I've taken a proper IQ test, a fairly long winded and old one. Measured at 145 or so, but that was back in HS.
On most of these online tests, I get anywhere between 135-145.
This is a ****ty test. Too easy, and then to make up for that, they grade you according to speed. If I was actually serious about this, I could've gotten over 160. If I'd taken my time, I would've gotten 130. I got a 154, first and only try.
As they're including time in the scores, I bet the maximum you could get would be 160 only. Probably means most of us are smarter than the test-maker.

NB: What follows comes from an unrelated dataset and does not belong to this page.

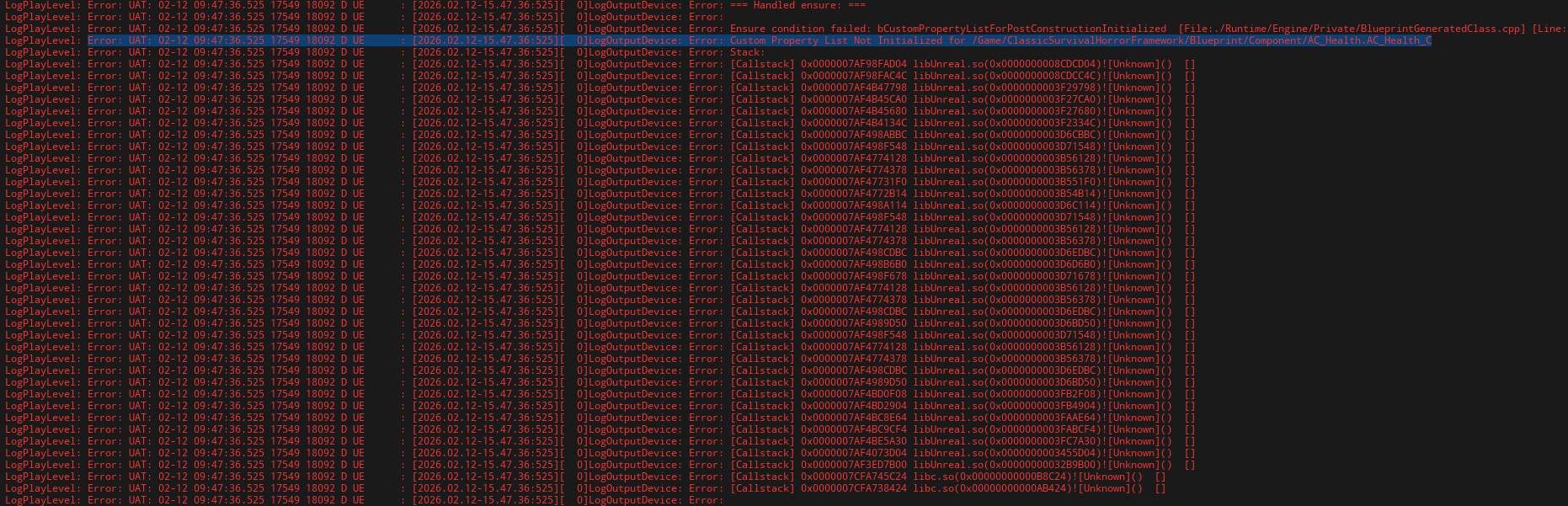 Hey Randy, I just tested it on my Windows PC, and the project packaged successfully without any issues. Have you recently made any changes(renaming, etc.) to the AC_Health variables? Take a backup of your project first, then create a duplicate of the AC_Health. Remove the old one from your character, attach the new one, and try testing it. The Health component logic is fairly simple, so you can easily create a new one or even move its code directly into the Character class and connect its references to your new logic.

The Stephen Hawking joke is a partial truth. An IQ test can only measure your intelligence against the tester or designer. For pattern recognition and abstraction, the IQ test will only be accurate in determining that you see patterns in a
similar way to the designer.
For the rest of the areas of IQ testing, cultural bias plays such a huge role that your scores will swing wildly based on where you live, your educational background, and your cultural background. I've scored high on almost every IQ or aptitude test I've ever taken merely because my Dad's a logic puzzle freak, and I learned the
norms of the logic puzzle from him. If I were a Bantu tribesman, I could have the intelligence of Einstein and still only score an 80.
In other words, I've practiced for IQ tests all my life. Whenever I get a low score (below 95% or maybe IQ 130) on an abstract reasoning exam, it's usually locally designed and poorly executed. In other words, I'm smarter than the test maker.

On professionally designed tests, I usually score relatively high. Online tests score me ten points lower. Meh.